| ACTIVITY |
For any picture in the lines below, please leave it out and copy the rest exactly.

:: RECORDS FOR THE TASK ::

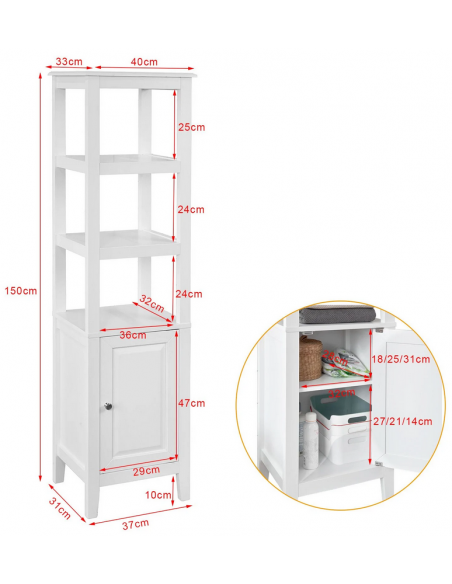 Skab til badeværelset i mdf og møbelplade H151 x B40 cm - Hvid
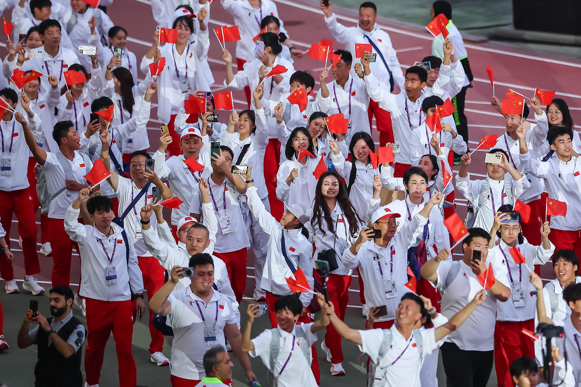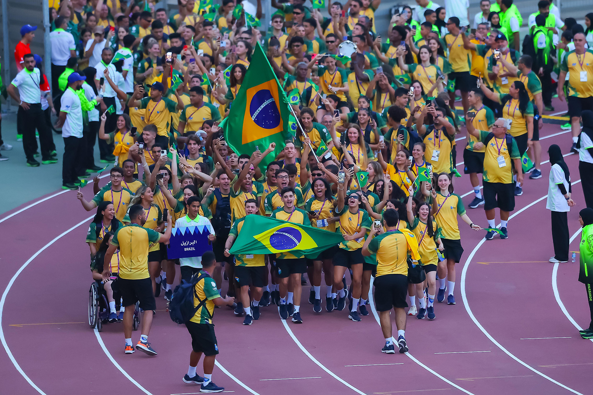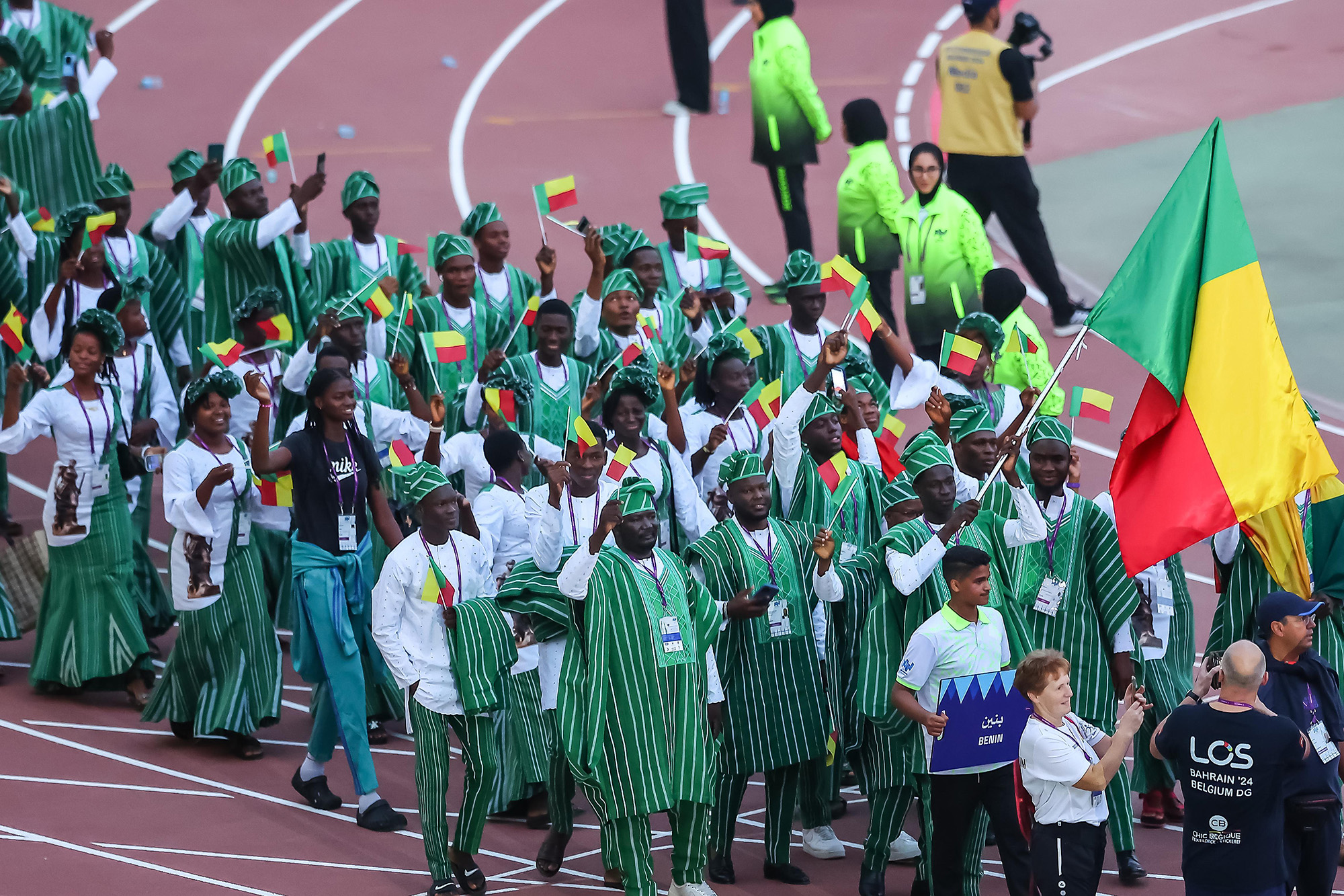 بعدها دخلت الوفود الطلابية من الدول المشاركة مشكّلين طابور عرض ضمّ 70 وفداً، في أضخم استعراض رياضي تشهده مملكة البحرين.
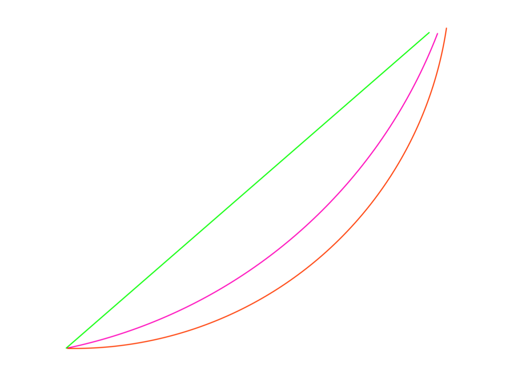 ※もちろん、実際のライン軌道はこんなにきれいな直線ではありません。あくまでも雑な計算です。
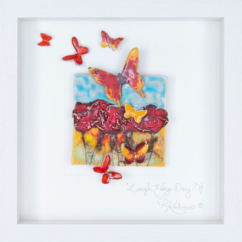Vibrant, happy, warm sunset red and yellow butterflies, in a wild poppy meadow and ... a wonderful blast of colour for any room carrying an important message.
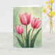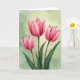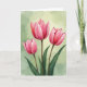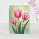 This design shows three tall watercolor-style flowers rising together like close friends leaning in, their petals opening with a tender, shared energy ❤️. The blossoms run from deep fuchsia near the centers to a soft blush at the edges, with gently ruffled contours that feel delicate and intimate. The middle flower stands a bit higher, while the two beside it tilt slightly as if keeping one another company. Thin earthy-brown stems and wide green leaves gather near the bottom, grounding the scene with a natural, calm balance. Behind them, a muted sage-green wash fades lighter in places, like spring light drifting through a quiet room. Fine lines and soft shading in the petals add texture that suggests a velvety touch and a slow, affectionate pause. A short greeting sits near the top in small, light-colored lettering, with a second line centered below it in a slightly darker tone 🌼. The background shows gentle, cloudy gradients of sage and pale green with a few brighter, misty patches.
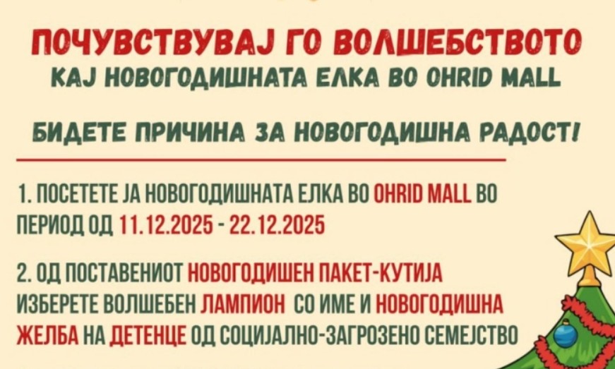 Општинската организација на Црвениот Крст од Охрид и оваа година ќе ја спроведе новогодишната хуманитарна акција „Волшебна елка“ наменета за децата од социјално загрозените семејства. Во...
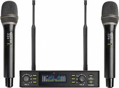 Тип: Двухканальная беспроводная цифровая вокальная радиосистема профессионального уровня с DSP, с функцией подавления обратной связи (Anti feedback), состоящая из двух ручных микрофонов и двухканального приемника
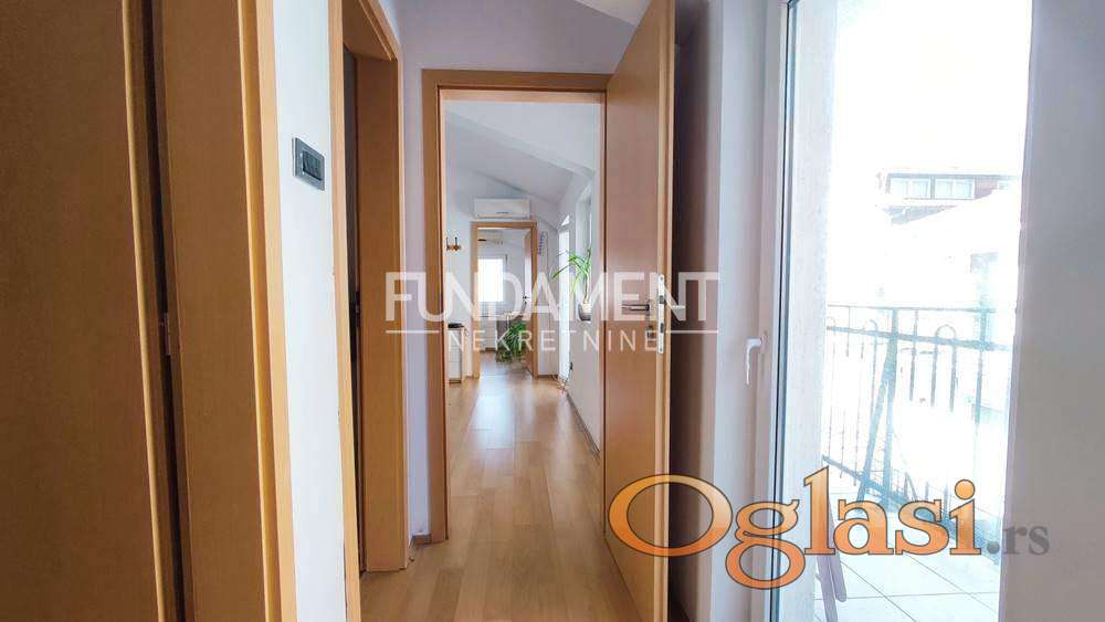 4.0, 126m2, IV/IV, grejanie na struju (CG uvedeno u zgradu i priključak do stana), klima x 4, KATV, internet, PVC i drvena stolarija, terasa, interfon, bez lifta.
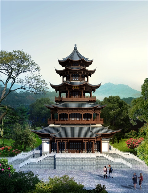3、翠华楼。楼名源于大理古国历史建筑。大理国王崇文尚武,注重修身养性、强身健体,因此在最南端迎着朝阳修建翠华楼,每天迎着朝阳吸纳太极之气,在此锻炼身体以固国本。翠华楼为干栏式五重檐楼阁建筑,全部用楠木打造,通高33.96米,是中国近代最高的全木结构建筑,共五层和三个结构夹(暗)层,上下有五层飞檐和三十八个如翼飞展的大翘角,伫立于近三米的高台之上,英姿挺拔,金碧辉煌,雄伟壮观。翠华楼第一层正面设演武台,为国王演武之所;二、三、四层为登高观光之台,登上高楼,近可通览园内全景,远可东观洱海日出,西赏苍峰晚霞,北俯城池商贾,南眺黎明炊烟;第五层为供奉文曲棂星之所,国王可在此晨纳朝阳之气,夜接星斗之光。楼体上下结构复杂,聚集了汉氏建筑和白族建筑的精髓,一、二层为翘昂斗拱,三层和演武台为垂柱花板式大挑斗拱,四层内梁栿直接出挑承抬屋面。五层为“象鼻吹莲”斗拱,“象”为佛教圣物,把象鼻吹莲斗拱用于顶层是表示对佛教的敬仰;楼层平面也富有变化,底层为四方形,二层转化为大四方小八角形,至三层变化为八角形,屋顶收于八角八面八脊,顶尖为圆形宝顶,以象征上圆下方,八面来风之意。
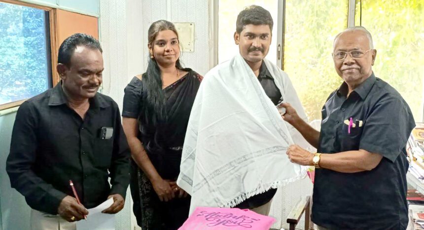 சென்னை மேற்கு மாவட்ட கழக தலைவர் கரு.அண்ணாமலையின் மகன் வழக்குரைஞர் அ.அன்பரசனின் 27ஆவது பிறந்த நாளையொட்டி (12.4.2026) நாகம்மையார் குழந்தைகள் இல்லத்திற்கு ரூ.5000 திராவிடர் கழகத் துணைத் தலைவர் கவிஞர் கலி.பூங்குன்றன் அவர்களிடம் வழங்கி வாழ்த்து பெற்றார். உடன்: கழகத் தோழர்கள் அரும்பாக்கம் சா.தாமோதரன், எம்.ஜி.ஆர். பகுதி தலைவர் ஜெயசீலன், வழக்குரைஞர் அ.அன்பரசனின் இணையர் அபிநயா உள்ளனர்.
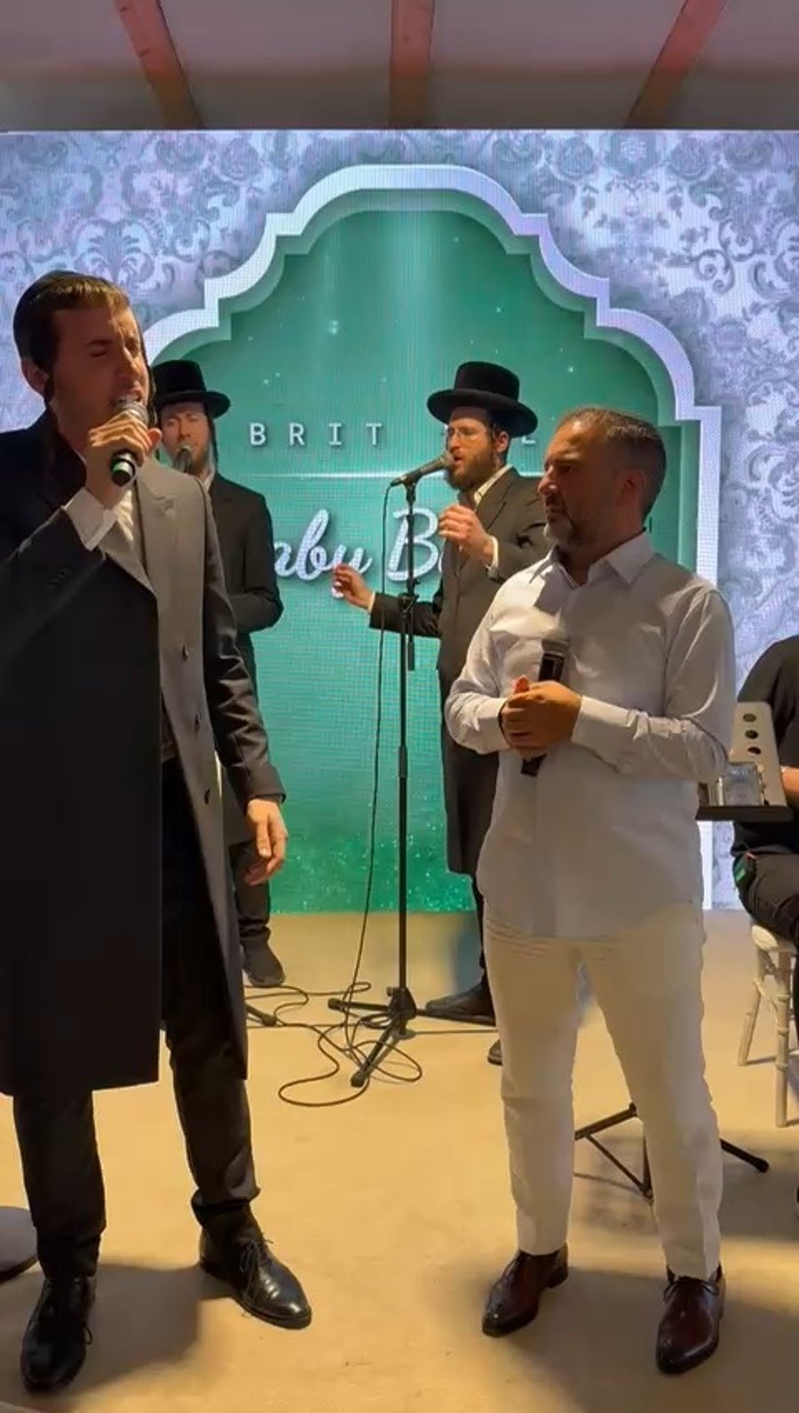 הזמרים משה לוק ושמוליק סוכות וחברי מקהלת 'נשמה', בביצוע מיוחד לשיר: "הנני רופא לך" של הזמר מרדכי בן דוד, בשמחת הברית לבנו של המפיק יונתן בן טוב ורעייתו דבי בן טוב, באולמי 'דיוויד קסטל - ויסטה' בירושלים, ויקרא שמו בישראל: ליב יצחק.

:::

| WRITTEN SOLUTION |
 Skab til badeværelset i mdf og møbelplade H151 x B40 cm - Hvid
 بعدها دخلت الوفود الطلابية من الدول المشاركة مشكّلين طابور عرض ضمّ 70 وفداً، في أضخم استعراض رياضي تشهده مملكة البحرين.
 ※もちろん、実際のライン軌道はこんなにきれいな直線ではありません。あくまでも雑な計算です。
Vibrant, happy, warm sunset red and yellow butterflies, in a wild poppy meadow and ... a wonderful blast of colour for any room carrying an important message.
 This design shows three tall watercolor-style flowers rising together like close friends leaning in, their petals opening with a tender, shared energy ❤️. The blossoms run from deep fuchsia near the centers to a soft blush at the edges, with gently ruffled contours that feel delicate and intimate. The middle flower stands a bit higher, while the two beside it tilt slightly as if keeping one another company. Thin earthy-brown stems and wide green leaves gather near the bottom, grounding the scene with a natural, calm balance. Behind them, a muted sage-green wash fades lighter in places, like spring light drifting through a quiet room. Fine lines and soft shading in the petals add texture that suggests a velvety touch and a slow, affectionate pause. A short greeting sits near the top in small, light-colored lettering, with a second line centered below it in a slightly darker tone 🌼. The background shows gentle, cloudy gradients of sage and pale green with a few brighter, misty patches.
 Општинската организација на Црвениот Крст од Охрид и оваа година ќе ја спроведе новогодишната хуманитарна акција „Волшебна елка“ наменета за децата од социјално загрозените семејства. Во...
 Тип: Двухканальная беспроводная цифровая вокальная радиосистема профессионального уровня с DSP, с функцией подавления обратной связи (Anti feedback), состоящая из двух ручных микрофонов и двухканального приемника
 4.0, 126m2, IV/IV, grejanie na struju (CG uvedeno u zgradu i priključak do stana), klima x 4, KATV, internet, PVC i drvena stolarija, terasa, interfon, bez lifta.
3、翠华楼。楼名源于大理古国历史建筑。大理国王崇文尚武,注重修身养性、强身健体,因此在最南端迎着朝阳修建翠华楼,每天迎着朝阳吸纳太极之气,在此锻炼身体以固国本。翠华楼为干栏式五重檐楼阁建筑,全部用楠木打造,通高33.96米,是中国近代最高的全木结构建筑,共五层和三个结构夹(暗)层,上下有五层飞檐和三十八个如翼飞展的大翘角,伫立于近三米的高台之上,英姿挺拔,金碧辉煌,雄伟壮观。翠华楼第一层正面设演武台,为国王演武之所;二、三、四层为登高观光之台,登上高楼,近可通览园内全景,远可东观洱海日出,西赏苍峰晚霞,北俯城池商贾,南眺黎明炊烟;第五层为供奉文曲棂星之所,国王可在此晨纳朝阳之气,夜接星斗之光。楼体上下结构复杂,聚集了汉氏建筑和白族建筑的精髓,一、二层为翘昂斗拱,三层和演武台为垂柱花板式大挑斗拱,四层内梁栿直接出挑承抬屋面。五层为“象鼻吹莲”斗拱,“象”为佛教圣物,把象鼻吹莲斗拱用于顶层是表示对佛教的敬仰;楼层平面也富有变化,底层为四方形,二层转化为大四方小八角形,至三层变化为八角形,屋顶收于八角八面八脊,顶尖为圆形宝顶,以象征上圆下方,八面来风之意。
 சென்னை மேற்கு மாவட்ட கழக தலைவர் கரு.அண்ணாமலையின் மகன் வழக்குரைஞர் அ.அன்பரசனின் 27ஆவது பிறந்த நாளையொட்டி (12.4.2026) நாகம்மையார் குழந்தைகள் இல்லத்திற்கு ரூ.5000 திராவிடர் கழகத் துணைத் தலைவர் கவிஞர் கலி.பூங்குன்றன் அவர்களிடம் வழங்கி வாழ்த்து பெற்றார். உடன்: கழகத் தோழர்கள் அரும்பாக்கம் சா.தாமோதரன், எம்.ஜி.ஆர். பகுதி தலைவர் ஜெயசீலன், வழக்குரைஞர் அ.அன்பரசனின் இணையர் அபிநயா உள்ளனர்.
 הזמרים משה לוק ושמוליק סוכות וחברי מקהלת 'נשמה', בביצוע מיוחד לשיר: "הנני רופא לך" של הזמר מרדכי בן דוד, בשמחת הברית לבנו של המפיק יונתן בן טוב ורעייתו דבי בן טוב, באולמי 'דיוויד קסטל - ויסטה' בירושלים, ויקרא שמו בישראל: ליב יצחק.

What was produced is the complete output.